Da habe ich von Abschlusswiderständen von 120 Ohm und 220 Ohm gelesen. Was ist da nun richtiger bzw. wo sind die Unterschiede? 
Wenn ich einen den Abschlusswiderstand einschalte habe ich ja auch keine Wahl zwischen 120 Ohm und 220 Ohm. 
Eigentlich müssen die doch auf den Wellenwiederstand der Leitung angepasst sein, so dass es keine Rückkopplungen auf den Leitungen gibt. 

Meine nächste Frage wäre: Wozu werden die Pullup- und Pulldown-Widerstände verwendet? Der Pullup-Widerstand hat doch was mit der Logischen 1 und der Pulldown-Widerstand mit der Logischen 0 zu tun.

ich möchte mich scon mal für eure Antworten bedanken.


----------



## ducati (9 Oktober 2013)

Geht es nur um das Verständnis, oder steht eine Anwendung hinter der Frage? Es ist nicht nur ein Widerstand sondern 3 und es wird auch noch eine definierte Spannung von 5V benötigt, um einen PB konformen Leitungsabschluss zu realisieren:

http://www.profibus.felser.ch/index.html?der_busabschluss_fuer_rs485.htm

Gruß.


----------



## Hans-Ludwig (9 Oktober 2013)

Hallo Zusammen,

Im Grund reicht möglicherweise der Link zu Prof. Felser aus. Daher nur kleine Ergänzungen.
es ist richtig das der Busabschluss im Zusammenhang steht mit dem Wellenwiderstand vom Kabel. Das hat bei Profibus 150 Ω. Die 3 Widerstande in dem Link zu Prof. Felser http://www.profibus.felser.ch/index....fuer_rs485.htm ergeben ca. 170 Ω wenn man die Spannungsversorgung kurzschließt und die Widerstände dann verrechnet. Damit Ist der Gesamtwiderstand ähnlich dem Wellenwiderstand des Kabels.

Ist der Busabschluss eingelegt so kann man das an der Idlespannung von 1,1 V auf dem Bus erkennen. Sind die grundlegenden physikalischen Eigenschaften auf dem Bus nicht i. O. so kann man auch an der Idlespannung erkennen.

Im Grunde hat das Buskabel 3 Leitungen A, B und Schirm und damit 3 Bussysteme A, B oder A, Schirm oder B, Schirm. Auch die nicht benützten Bussysteme sollten abgeschlossen werden um Resonanzen zu vermindern.
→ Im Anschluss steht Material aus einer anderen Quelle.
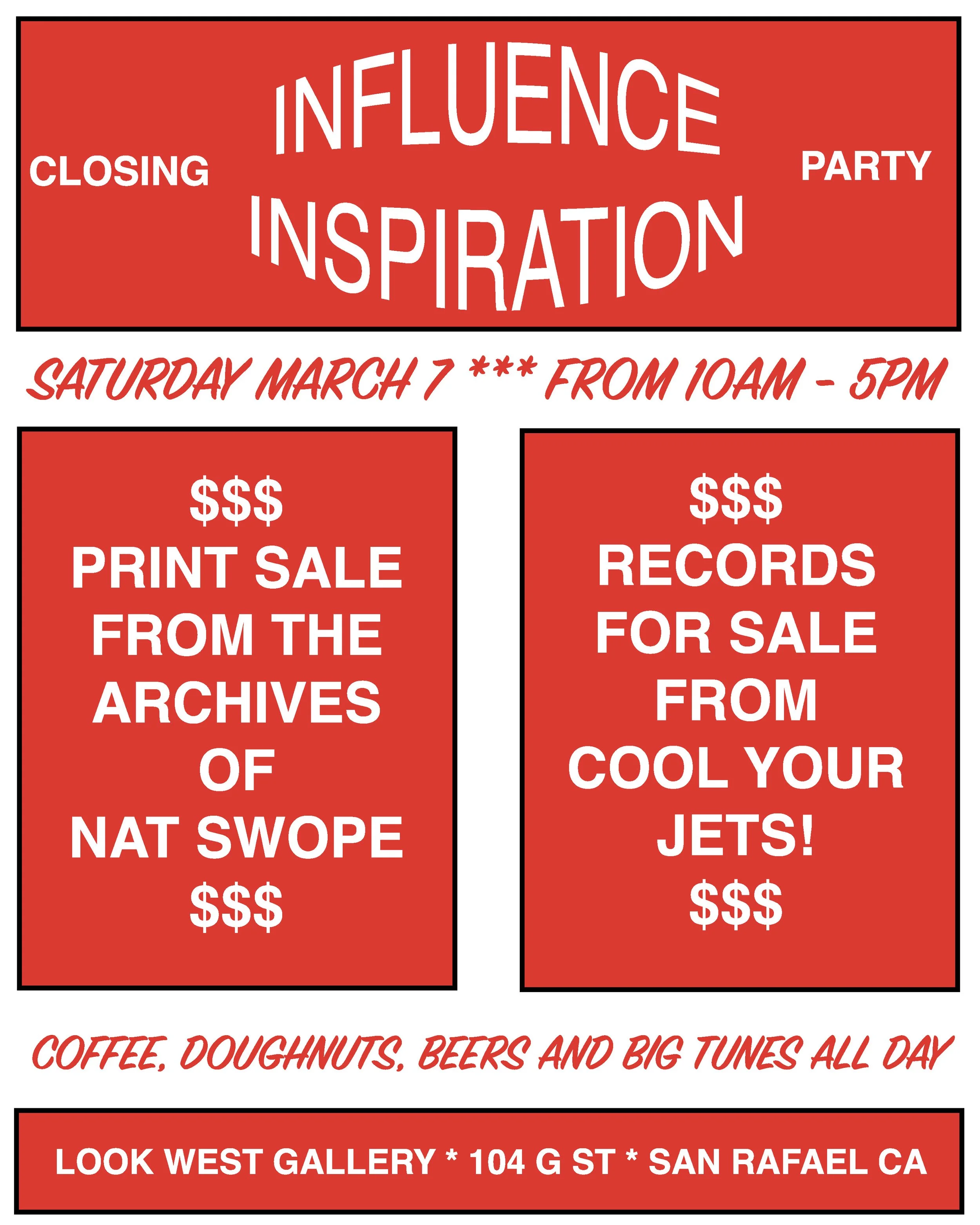 PLEASE JOIN US ON SATURDAY MARCH 7TH IN CELEBRATING ONE FINAL DAY OF INFLUENCE / INSPIRATION, SELECT SILKSCREEN PRINTS AND OTHER THINGS FROM THE ARCHIVES OF NAT SWOPE AT LOOK WEST GALLERY. WE HAVE A DEFINITELY FUN DAY SORTA MOSTLY PLANNED WHICH CERTAINLY WILL INCLUDE: PRINTS COFFEE DOUGHNUTS BEER RECORDS TSHIRTS BOOKS ASSORTEDWATER BIGTUNES BIGSMILES TOGETHERNESS. ALSO MAYBE INCLUDED: OTHER THINGS. NAT WILL OPEN UP HIS ARCHIVE OF PRINTS ONE LAST TIME “BEFORE IT ALL RETURNS TO DEEP STORAGE, NEVER TO BE SEEN AGAIN…” SO YEAH, COME CHECK IT.

Mit freundlichen Grüßen aus dem Schönbuch

Hans-Ludwig Göhringer
HLG@i-v-g.de


Besuchen Sie uns auch auf Facebook: 

https://www.facebook.com/?ref=logo#!/GoehringerIVG

Besuchen Sie uns auch auf YouTube:

Wie erkenne ich defekte Stecker, störende Induktivitäten, Kabelbrüche mit dem P-QT 10. Wie erstelle ich ein Prüfprotokoll mit dem NetTEST II, dem PBT4, dem PBT3.
https://www.youtube.com/channel/UCje...qwjOT3Q4vjrGpg


IVG Göhringer Mönchweg 5 71088 Holzgerlingen Tel.:07031 607880 Fax: 07031 607881 Mobil.:0172-7671463 <http://www.i-v-g.de>


----------



## oORichOo (9 Oktober 2013)

Danke für eure Antworten, das Hilft schon etwas weiter (vorallem der Link).

Ja, es ist nur eine Verständnisfrage und ich es mit in meine Studienarbeit mit einfließen lassen möchte.
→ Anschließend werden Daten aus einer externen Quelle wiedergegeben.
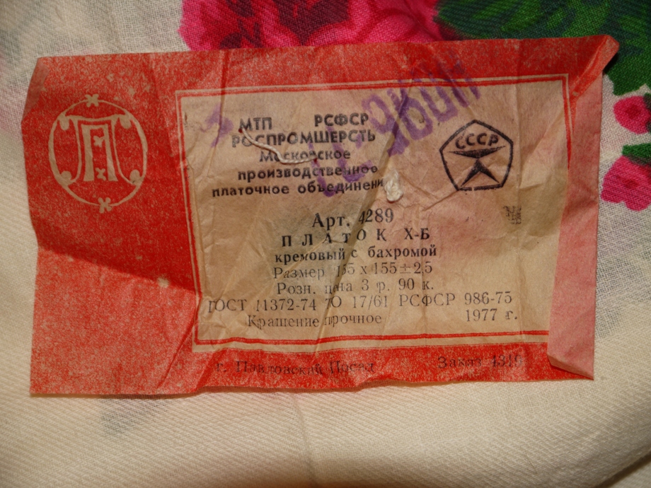 Сегодня нашла этикетку хлопкового платка. 1977 год. Теперь можно сравнить две этикетки - смесового и хлопкового. Разница в цене оказывается в три раза ( не в пользу хлопкового)
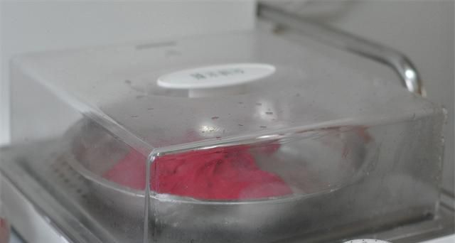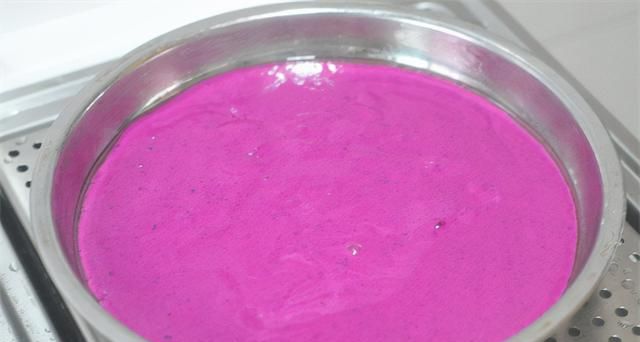 把盘子放进蒸笼里,用中火蒸20分钟,面团就会烤得很焦,不蒸,马上打开盖子,防止火龙果实颜色变淡。
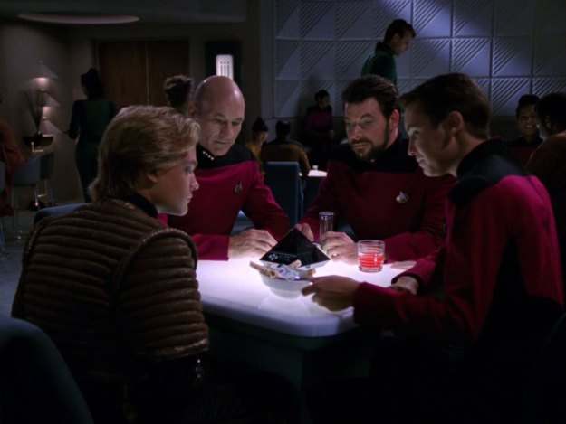 There’s also a scene in Ten Forward where Jono meets Wesley and accidentally smashes a bowl of ice cream/banana split all over him. It’s a very funny scene and I laughed out loud when I watched it.
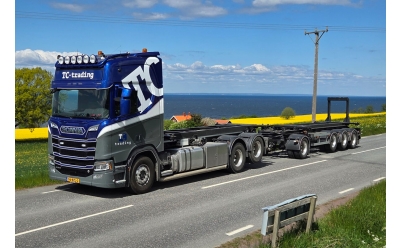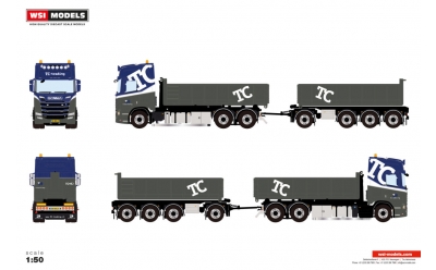 WSI 01-5140 SCANIA R HIGHLINE CR20H RIGED TRUCK WITH HOOKLIFT SYSTEM 6X2 TAG AXLE RIGED TRUCK DRAWBAR WITH HOOKLIFT SYSTEM - 4 AXLE + 15M3 CONTAINER TC-Trading
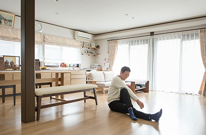 「仰向けで寝ると、背中が暖かくなって日向ぼっこしているみたいなんです 」と、ご主人は話します。実際、ご主人は、リビングの床にごろりと横になったり、床でストレッチをしたりするのがお決まりの過ごし方になったようです。
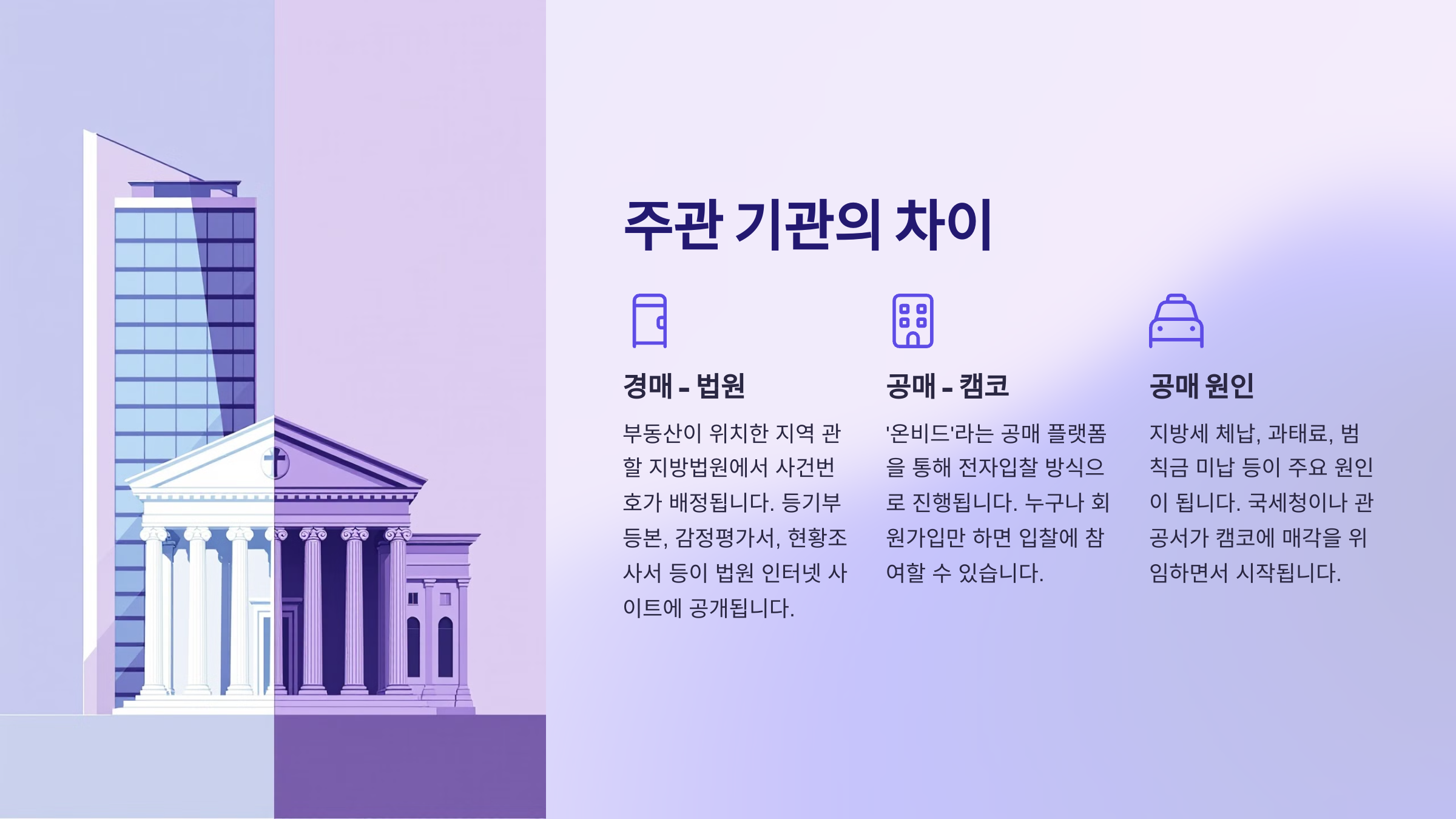 즉, 경매는 ‘사법기관(법원)’, 공매는 ‘행정기관(국세청, 캠코)’의 관할이라는 점에서 기본적인 시스템부터 다른 거예요.

Also stimmen die 120Ω nicht. 

Mit dem Schalter am Stecker schalte ich also die 220Ω dazu und die beiden 390Ω sind dann auch noch parallel zu den 220Ω. 
Wenn die Leitung länger bzw. kürzer ist und der Endwiderstand am Stecker zu klein bzw. groß ist, dann verwende ich ein aktiven Busabschluss um keine Resonazen zu bekommen. 
Wenn das stimmt, ist nun die Frage, für welche Länge die Busabschluss am Stecker ausreicht?
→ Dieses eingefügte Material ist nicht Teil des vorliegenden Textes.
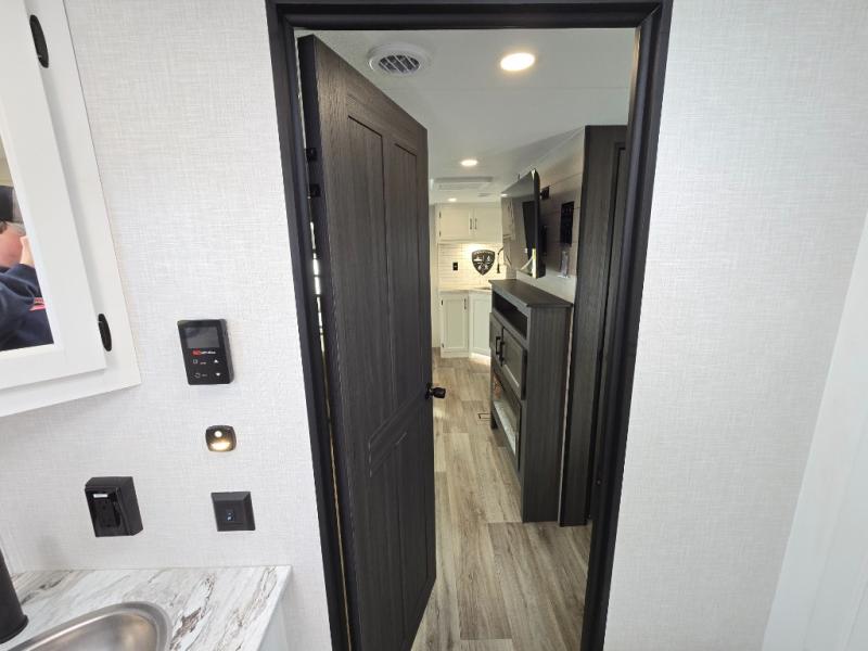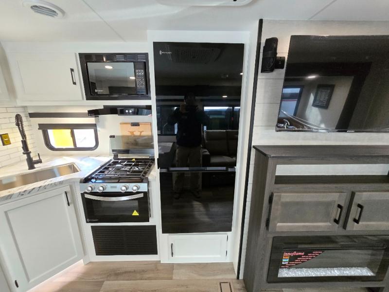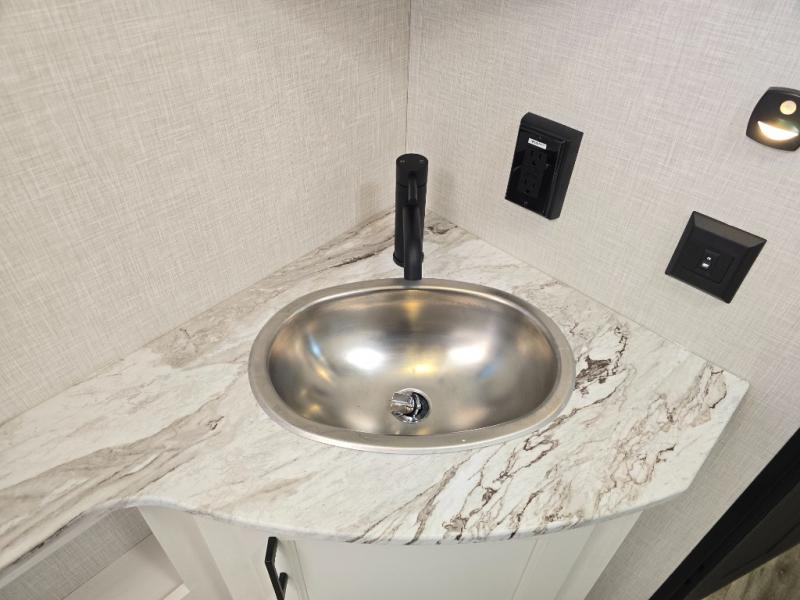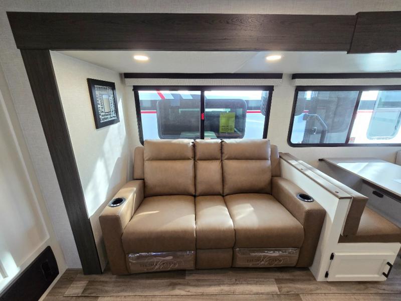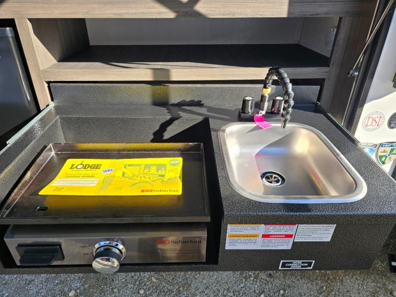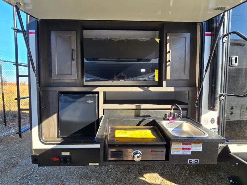 You're going to feel right at home in this Stratus single slide unit! There is not only a fully equipped kitchen with a three burner cooktop, but also an outside campfire café with a griddle, refrigerator, sink, and even an exterior 40" TV for your entertainment. As you enter the unit, you will notice to the right a walk-in pantry with coat hooks, and to the left is the full rear bathroom with a 30" x 36" shower, a three door linen closet, and a cabinet prepped to add an optional washer and dryer. If mother nature rains on your parade then relax inside on either the 70" sofa or the sit n' slide table dinette across from the entertainment center.

Was ist eigentlich die Idlespannung? 
Für was werden eigentlich die 5V und die 1,1V verwendet?


----------



## ducati (10 Oktober 2013)

oORichOo schrieb:


> Mit dem Schalter am Stecker schalte ich also die 220Ω dazu und die beiden 390Ω sind dann auch noch parallel zu den 220Ω.
> Wenn die Leitung länger bzw. kürzer ist und der Endwiderstand am Stecker zu klein bzw. groß ist, dann verwende ich ein aktiven Busabschluss um keine Resonazen zu bekommen.
> Wenn das stimmt, ist nun die Frage, für welche Länge die Busabschluss am Stecker ausreicht?



Nein das stimmt so nicht!

Ob Du den aktiven Busabschluss verwendest, oder den Stecker ist egal. Der wichtigste Unterschied ist praktischer Natur: Wenn das letzte PB-Gerät defekt ist, da wo der Busabschluss im Stecker realisiert ist, dann würde die komplette Busstrecke ausfallen, da der Busabschluss im Stecker ohne PB-Gerät nicht funktioniert, da die 5V fehlen. Beim aktiven Busabschluss funktioniert der Busabschluss immer, egal ob ich irgendein Gerät entferne.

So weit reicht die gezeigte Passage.